SCALE: Taking into consideration the current pandemic situation, the layout and design of public spaces will be affected to a large extent to maintain social distancing. What are your thoughts on this?
Thomas Balsley: We have always designed public spaces with a broad range of scaled and experiential spaces, ranging from large open multi-purpose spaces for gathering and events to smaller connected intimate ones. This pre-Covid-19 approach is now proving to be an ideal park venue for social distancing as needed.

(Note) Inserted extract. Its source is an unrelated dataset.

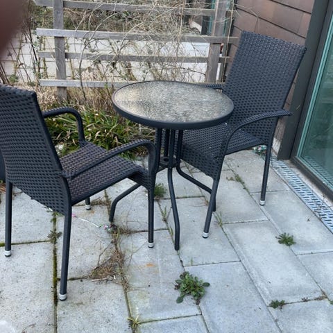 Cafésæt bestående af rundt bord og to stole i fletlook. Stolene har armlæn og leveres med grå hynder. Sættet er egnet til udendørs brug, f.eks. på altan, terrasse eller i haven.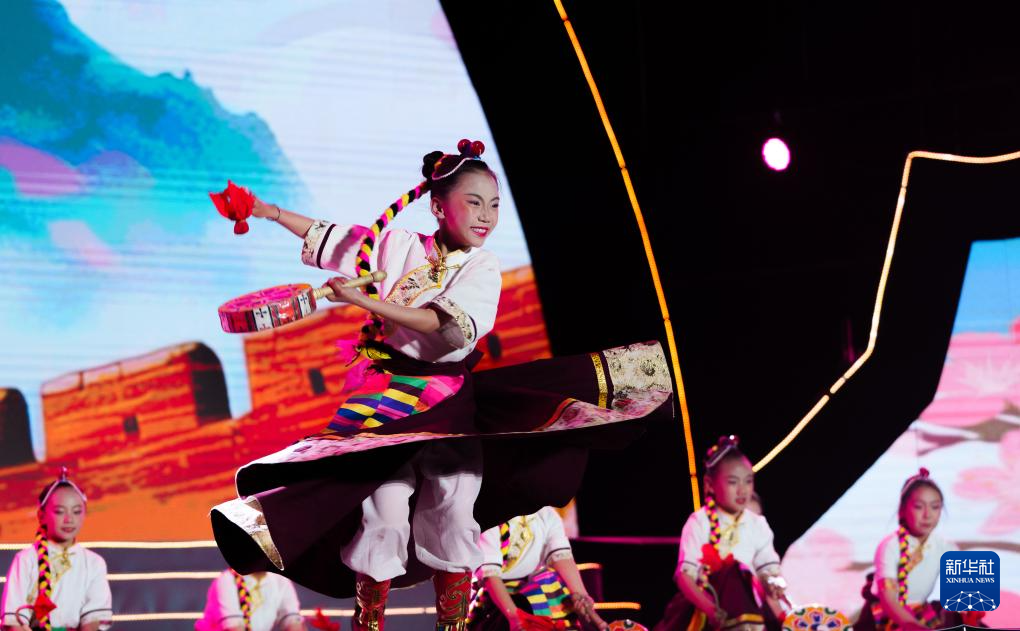 这是4月3日拍摄的林芝第二十三届桃花旅游文化节开幕式文艺演出现场。新华社记者 丁增尼达 摄

SCALE: In 2016 SWA and Thomas Balsley Associates came together to form SWA/Balsley. What brought about this collaboration? Do you have any upcoming exciting projects that we can keep an eye out for?
Thomas Balsley: The new SWA/Balsley brings together the largest U.S. firm with the deepest thought leadership resources with an award-winning and nationally renowned urban-centric studio. In addition to numerous new urban parks and waterfronts in the U.S., we continue to expand the public’s imagination with competition winners at Paveletskaya Park in Moscow, Maashaven Park in Rotterdam, and SIPG Harbor City Parks in Shanghai
Maashaven Park in Rotterdam: Identified by the City as one of the Big Five (open space projects), the conceptual master plan for Park Maashaven will create a much-needed central open space for the city’s south district, an industrial area along the waterfront that is home to a growing and increasingly diverse population.
Gantry Plaza State Park is the first phase of a twelve-block long system of parks on Long Island City’s East River shoreline. The trilogy of spaces—Gantry Plaza, interpretive garden, and lawn promontory—with their four distinctive piers and follies, have been carefully programmed and conceived to serve this broad constituency with a unique sequence of waterfront experiences.